If you live in California, are in the military serving our country and think that you may have a lemon vehicle, there is a California lemon law bill which took effect January 1, 2008 that you should know about. California has been a leader in protecting consumers who bought lemon vehicles, but before 2008 the law stated that if you were to pursue a lemon law case, one of the stipulations was that the vehicle must have been bought in California. The new bill (SB234), sponsored by state Senator Ellen Corbett, extends the protection to all active duty military personnel stationed in California as long as the vehicle was purchased in the United States.
The law was inspired by the lemon problems of Lt. Nathan Kindig, serving in the United States Navy as a physician assistant. He was looking for a safe and reliable vehicle for his family to drive while he was stationed overseas in Iraq. Shortly after buying a 2004 Dodge Dakota, the vehicle started having problems with the engine overheating.

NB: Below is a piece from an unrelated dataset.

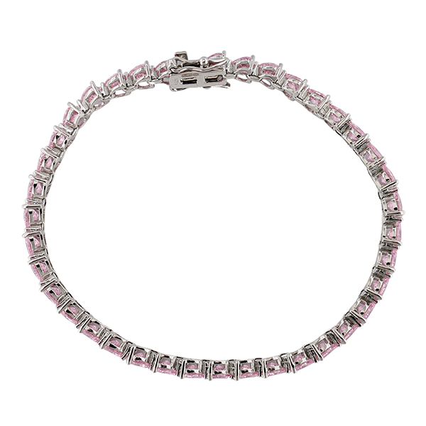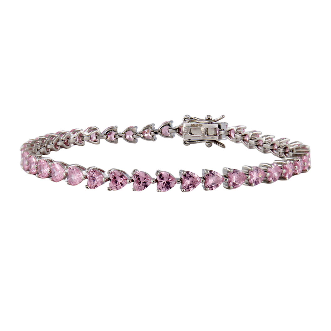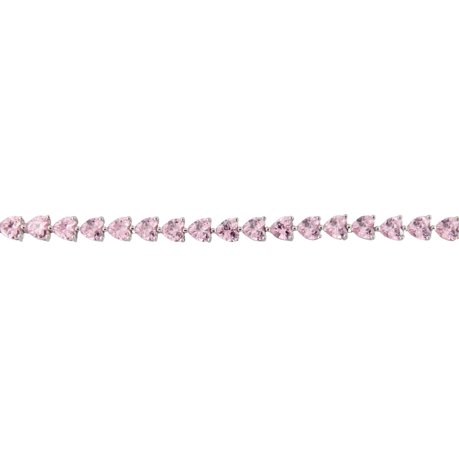 Bracciale Tennis da Donna/Ragazza In Argento 925 lucido con Zirconi taglio Cuore Rosa da 4 mm.

After many repair attempts, the dealership labeled the vehicle as unrepairable, clearly making it a lemon. Because the vehicle was not purchased in California, Kindig could not pursue a buyback under the California lemon law. After hiring a lawyer and continuing to pay for a vehicle that could not be driven, the dealership agreed to repurchase the lemon on terms that would cost Kindig thousands of dollars, as Chrysler refused to use the traditional lemon law offset formula and demanded a specific offset amount.
California was the first state in the nation to specifically protect active duty military troops whose vehicles are “lemons”, regardless where their vehicles are purchased or registered. The bill attracted widespread bi-partisan support, and was passed unanimously in both houses of the California Assembly before the Governor signed it into law. Today, many states have adapted their lemon law statutes to include protection to help military members who have purchased defective vehicles which turn out to be lemons.